Note that the height and width of the representation
at each layer throughout the convolutional block
is reduced (compared with the previous layer).
The first convolutional layer uses 2 pixels of padding
to compensate for the reduction in height and width
that would otherwise result from using a $5 \times 5$ kernel.
In contrast, the second convolutional layer forgoes padding,
and thus the height and width are both reduced by 4 pixels.
As we go up the stack of layers,
the number of channels increases layer-over-layer
from 1 in the input to 6 after the first convolutional layer
and 16 after the second convolutional layer.
However, each pooling layer halves the height and width.
Finally, each fully-connected layer reduces dimensionality,
finally emitting an output whose dimension
matches the number of classes.

Training

Now that we have implemented the model,
let us run an experiment to see how LeNet fares on Fashion-MNIST.

#@tab all
batch_size = 256
train_iter, test_iter = d2l.load_data_fashion_mnist(batch_size=batch_size)

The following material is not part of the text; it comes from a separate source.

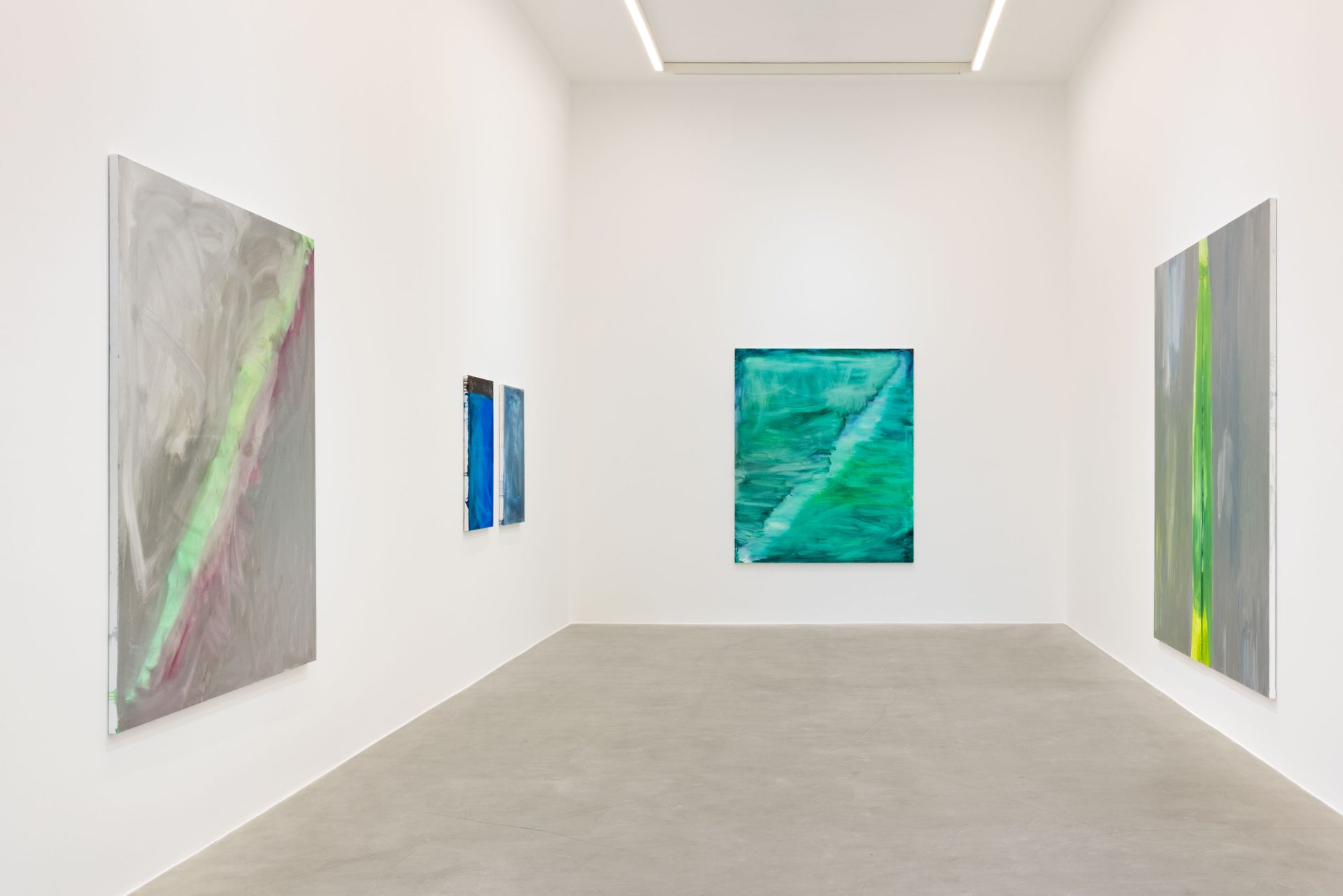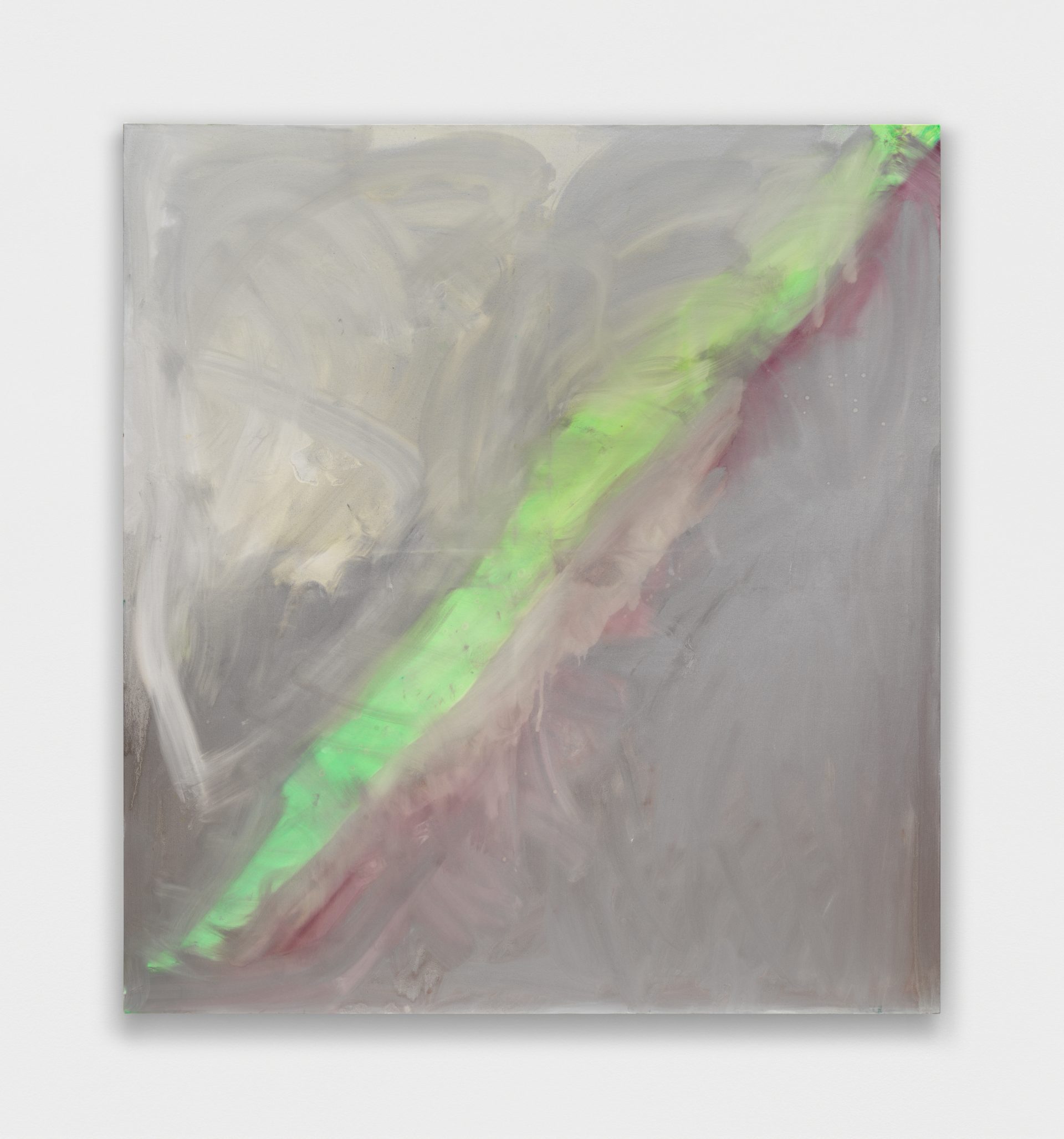 A pivotal shift occurred during the Covid period, when Jane began making what she calls her “green screen” paintings. Working constantly within this chromatic condition, the landscape gradually disappeared. Painting became fully abstract — not as a stylistic decision, but as a consequence of sustained looking and prolonged immersion. Color ceased to frame space and instead became space itself.

While CNNs have fewer parameters,
they can still be more expensive to compute
than similarly deep MLPs
because each parameter participates in many more
multiplications.
If you have access to a GPU, this might be a good time
to put it into action to speed up training.

:begin_tab:mxnet, pytorch
For evaluation, we need to make a slight modification
to the evaluate_accuracy function that we described
in :numref:sec_softmax_scratch.
Since the full dataset is in the main memory,
we need to copy it to the GPU memory before the model uses GPU to compute with the dataset.
:end_tab:

def evaluate_accuracy_gpu(net, data_iter, device=None):  #@save
    """Compute the accuracy for a model on a dataset using a GPU."""
    if not device:  # Query the first device where the first parameter is on
        device = list(net.collect_params().values())[0].list_ctx()[0]
    # No. of correct predictions, no. of predictions
    metric = d2l.Accumulator(2)
    for X, y in data_iter:
        X, y = X.as_in_ctx(device), y.as_in_ctx(device)
        metric.add(d2l.accuracy(net(X), y), d2l.size(y))
    return metric[0] / metric[1]

#@tab pytorch
def evaluate_accuracy_gpu(net, data_iter, device=None): #@save
    """Compute the accuracy for a model on a dataset using a GPU."""
    net.eval()  # Set the model to evaluation mode
    if not device:
        device = next(iter(net.parameters())).device
    # No. of correct predictions, no. of predictions
    metric = d2l.Accumulator(2)
    for X, y in data_iter:
        X, y = X.to(device), y.to(device)
        metric.add(d2l.accuracy(net(X), y), d2l.size(y))
    return metric[0] / metric[1]

We also need to update our training function to deal with GPUs.
Unlike the train_epoch_ch3 defined in :numref:sec_softmax_scratch,
we now need to move each minibatch of data
to our designated device (hopefully, the GPU)
prior to making the forward and backward propagations.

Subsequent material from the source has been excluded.